Upon moving to Los Angeles, Swish met female Jamaican rapper Nadirah X. She introduced him to Dave Stewart of the Eurythmics, whom was managing Nadirah X, and Glen Ballard who is a native Mississippian. Swish began working with them and with Mick Jagger. Afterwards, Swish worked with various artists in the L.A. area including Nadirah X and Bishop Lamont as well as performances around the country with Nadirah.

In 2009, Swish worked with Greek Superstar, Anna Vissi. With a summer tour approaching, Vissi asked Swish to produce a tour intro for her summer tour entitled, Apagorevmeno Summer Tour.
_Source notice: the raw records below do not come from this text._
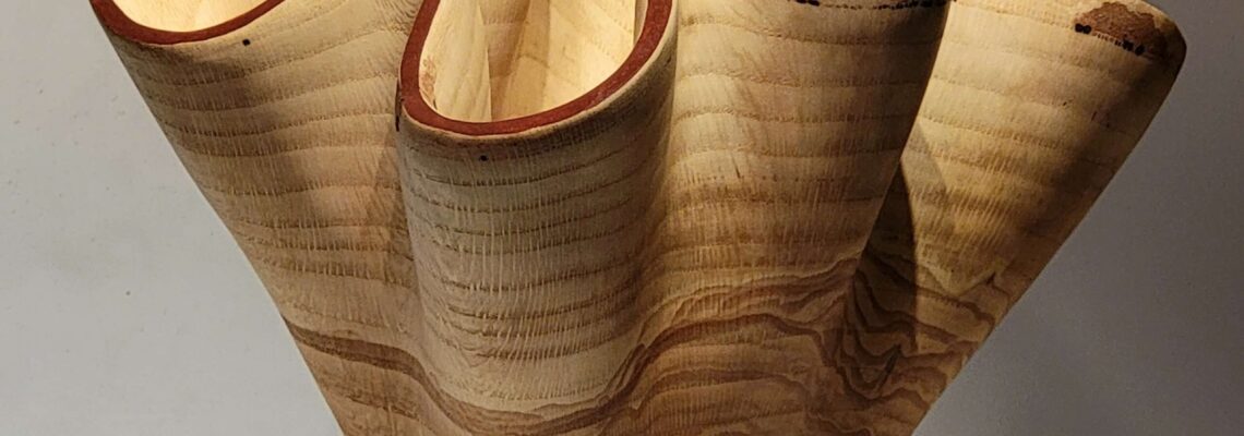 This beautiful form was sculpted from a figure piece of Pin Oak. The form was inspired by studying folded glass shapes. Sanded then sandblasted to accent the medullary rays and grain lines. Satin finish. Dims: 12.5″H x13”x12”
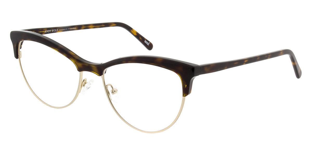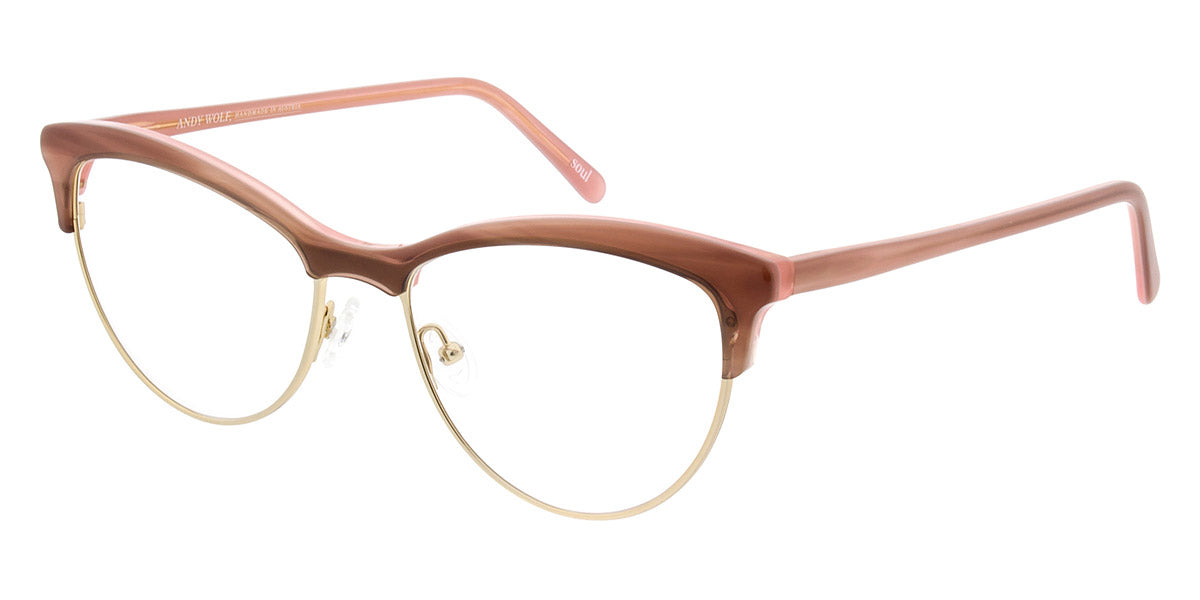 5081 Eyeglasses by Andy Wolf. Color: Black/Silver A, Brown/Gold B, Gray/Gold D, Pink/Gold C, Teal/Gold E, Size: 53-17-140.
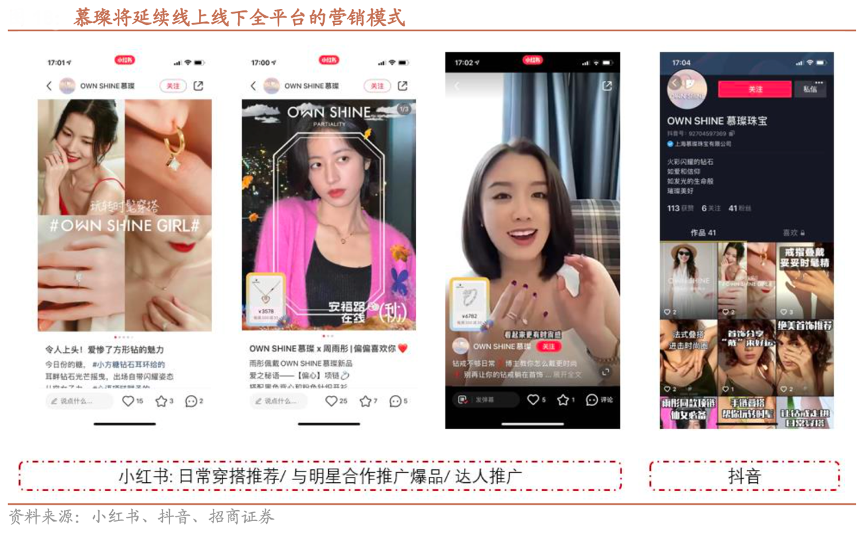 經(jīng)典案例:根據(jù)小紅書、抖音、招商證券等綜合資訊表明,對應(yīng)慕璨品牌借助曼卡龍策略,在營銷模式上其借鑒主品牌經(jīng)營經(jīng)驗,目前也在多個線上平臺進(jìn)行內(nèi)容營銷,以提升品牌的影響力以及消費者對品牌的認(rèn)知程度,其中,注重內(nèi)容傳播優(yōu)勢的小紅書是目前品牌營銷的主戰(zhàn)場。作為時髦傳達(dá)的品牌,小紅書和抖音平臺上慕璨推出多種搭配方式,多產(chǎn)品與服裝的搭配融為一體,進(jìn)一步深化消費者對培育鉆石的品牌接受度。

Swish produced her tour intro to which, Nadirah X lent vocal support and it was filmed. The video support began each show of Vissi's summer tour. Swish has said that Vissi described his sound as "big" and "ambitious".
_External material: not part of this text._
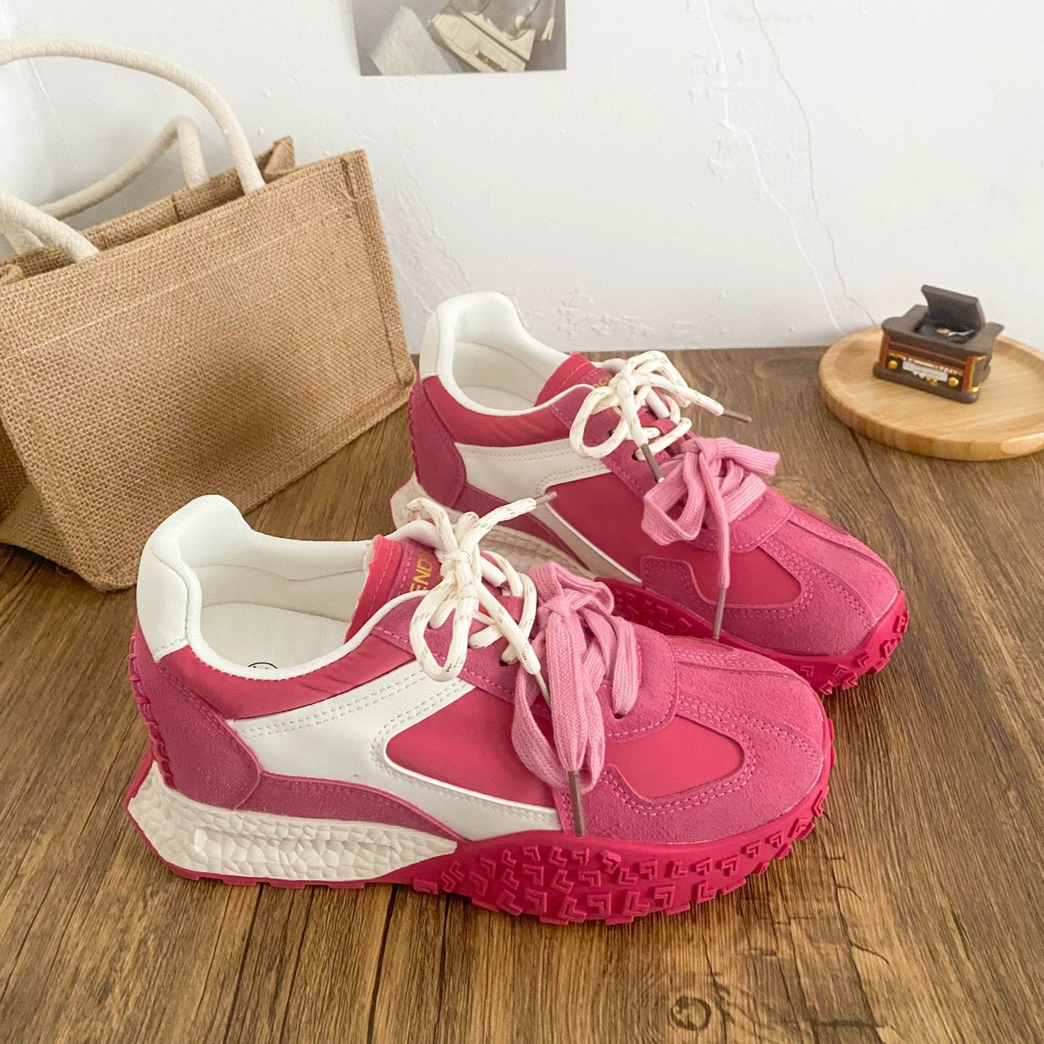 人気のプラットフォームソールバッグとダッドシューズ女性用2025人気のメッシュスタイルフォレストシューズ超ハイストライプスポーツシューズトレンド
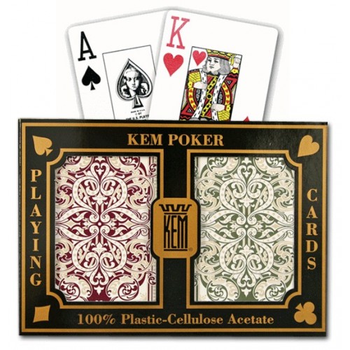 KEM, le nom dit tout. Les joueurs de cartes professionnels et les casinos ont été les premiers à utiliser les cartes à jouer KEM, et ils le font encore aujourd'hui! les cartes KEM sont toutes simplements différentes. Les cartes KEM sont produites en utilisant un matériau cellulose unique : l'acétate ce qui explique pourquoi les cartes KEM durent si longtemps, plus douce au toucher, elles glissent sans effort sur la table, et se melangent avec une extreme facilité. les Cartes KEM sont un excellent investissement

In 2010, Swish released his first EP, Invincible. The album was recorded in Glen Ballard's studio. The EP featured guitar from Joanne Shaw Taylor and Mike Bradford as well as violin from Ann Marie Calhoun.

In a 2013 interview, Swish stated that his favorite producers all-time were Just Blaze, Kanye West, DJ Premier, Swizz Beatz, and Organized Noize. In this same interview, Swish stated that he grew up on Outkast, Jay-Z, Nas, and Notorious B.I.G. and that this music molded his musical taste as a kid.

===2010: Mr and Mrs===

"With its driving beats, hard-hitting, heartfelt, intelligent lyrics, rousing instrumentation, and propulsive samples, Mr. & Mrs. conveys the artists' busting-at-the-seams impatience with a system, a music industry, a society that stands in the way of genuine self-expression, innovation, originality and soul.."
— Huffington Post

Swish and Nadirah X wed in 2010. Shortly after their marriage, Nadirah began traveling around the world working with Tim Kring for the Conspiracy Of Good web series. The main part of the web series was filmed in London, where Swish and Nadirah performed at various venues. At the end event of Conspiracy For Good, Swish performed alongside Dave Stewart, Ann Marie-Calhoun, and Nadirah X. After London, Swish and Nadirah flew to Jamaica, and received an email from Dave Stewart asking them to start a duo. Swish and Nadirah agreed, and after Stewart named them "Mr & Mrs. Swish" they began working on production for the project, and the two wrote the songs together. After sending demo versions of songs back to Stewart, they decided to go ahead with the project. In 2011, the duo came back to Los Angeles and began working on music for the Mr & Mrs album.

"As Mister + Misses, their sound is epically elegant hip hop that is richly layered with instrumentation that recalls both the classical influences of Swish's father and the sounds of Nadirah's native Jamaica."
— LA Weekly

=== 2012: Mr and Mrs EP release ===
In 2012, Swish released an EP with Nadirah X under the Mr & Mrs name, as a free download. The EP received positive reviews in The Huffington Post and LA Weekly, which praised his production style and their lyrical ability. In a YouTube interview by the blog "At Street Level", their music and production was described as 'unique.' Dave Stewart is quoted as saying, "It's refreshing seeing a married couple working intensely together rapping about stuff that directly relates to them and their situation: one so many other couples can relate to," Stewart said. "I liken their spirit to Ashford and Simpsons when they sang 'solid, solid as a rock.'" Because of the success of the EP, Swish and Nadirah X have met with various record labels.

In 2012, Swish was featured on Bishop Lamont's mixtape, The Layover, twice. Swish can be heard on one track called "Trail Mix" and a second track entitled, "I Swear", featuring Royce da 5'9". Swish previously worked with Bishop on a track entitled "It's Over" featuring Rapper Big Pooh.